Это была уже чрезмерная дерзость, уколовшая меня в самое сердце. Я осадила ее гневным взглядом.

— Твои речи лишены смысла! Там, в городе, мои родители, мой брат и все, без кого я не мыслю своей жизни. Пойми, Шуа, вопрос не в том, убью ли я Олоферна. Важно продумать, как это лучше сделать.

Мне удалось ее успокоить.

Она снова поверила мне.

Я же снова усомнилась в себе.


Около полудня Олоферн снова прислал за мной часовых.

В южной части лагеря было устроено состязание в воинском искусстве.

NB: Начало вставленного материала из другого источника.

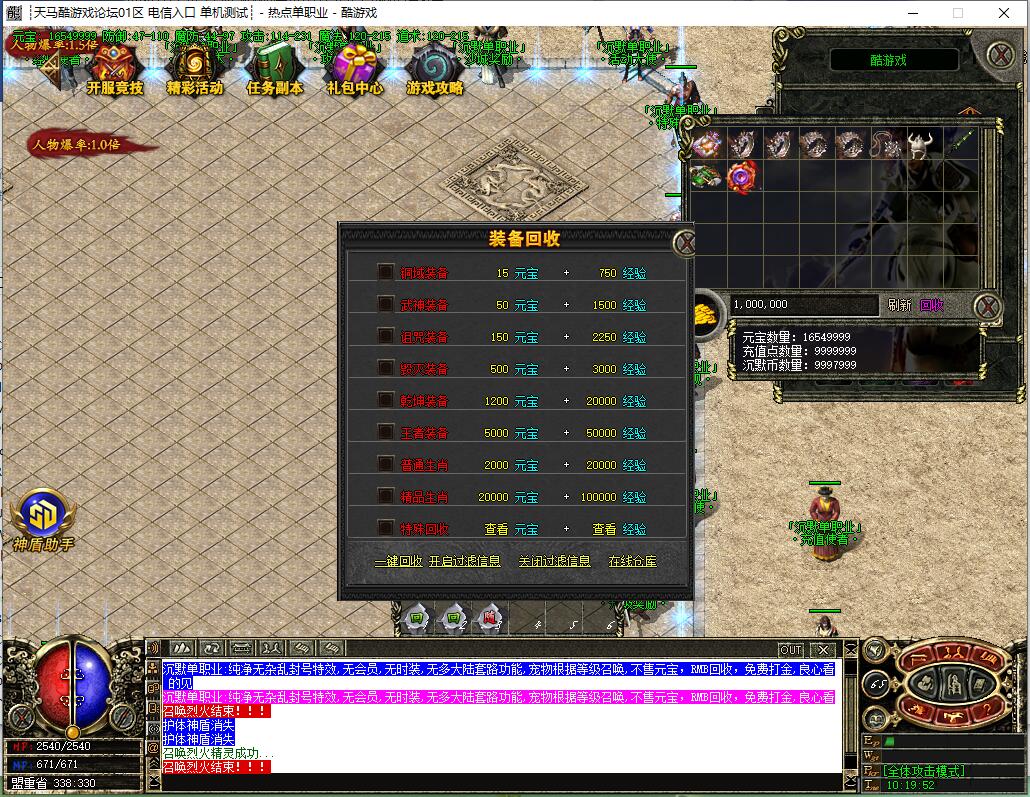 【限时奖励】:本服为回馈玩家,击杀BOSS奖励限时回收奖励,永久回收奖励,轻轻松松赚取高额回报!

Два десятка солдат бились друг с другом зачехленными мечами, а многочисленные зрители их громогласно подбадривали.

Они сражались ожесточенно, как в настоящем бою.

Стремление победить, побороть соперника делало взрослых мужчин похожими на мальчишек, готовых на все, лишь бы выделиться в глазах окружающих.

Ясно было, что мое присутствие было для них лишним поводом, не слушая голоса рассудка, вступать отнюдь не в безопасные поединки.

Закаленные солдаты, полные сил, они сознавали, что за ними наблюдает женщина, удостоенная внимания их полководца.

Наиболее искусным бойцом показал себя высокий, сильный юноша, по плечу которого в конце состязания струилась кровь.

Победителю вручили от имени Олоферна великолепный меч и освободили его на две недели от несения сторожевой службы.

В то время как внимание собравшихся было приковано к поединкам, я поймала себя на том, что мой взгляд все чаще устремляется не на сражавшихся солдат, а на Олоферна.

Да и он тоже то и дело отвлекался от состязания, ища моего взгляда.

Он хотел понять, как я воспринимаю происходящее.

Несомненно, все эти упражнения в воинском искусстве были устроены в мою честь.


Вторую половину дня я провела вместе с Шуа, которая хранила зловещее молчание.

Она поняла, что все ее предостережения, равно как и мои ответы на них, излишни.

И в самом деле, мы обе сказали друг другу все, что было можно, о неотвратимости того, что должно было случиться.

Но я чувствовала, что между нами пролегла скользкая тень недоверия.

Она сомневалась в моей решимости и опасалась, что часы, проведенные в любовных играх с Олоферном, поколебали мою отвагу.

Между тем неумолимо приближалась ночь.

Как я хотела оттянуть ее наступление. Я мечтала о том, чтобы небеса разверзлись и ливень затопил бы пространство между Ветилуей и ассирийским лагерем. Я больше не хотела быть той несчастной, которую судьба избрала для поступка, превышающего возможности слабой женщины.


Когда на закате дня меня ввели в шатер Олоферна, я сразу заметила на лице его совсем иное выражение. Казалось, он был озабочен и встревожен ничуть не меньше меня.

Я поняла, что произошло нечто неприятное, что мешает ему смотреть на меня так, как это было при нашей последней встрече.

Он избегал моего взгляда.

Мы ужинали, погруженные в мрачные мысли.

Между нами повисло напряженное молчание.

Время от времени мы нарушали его необязательными фразами, сказанными ради приличия.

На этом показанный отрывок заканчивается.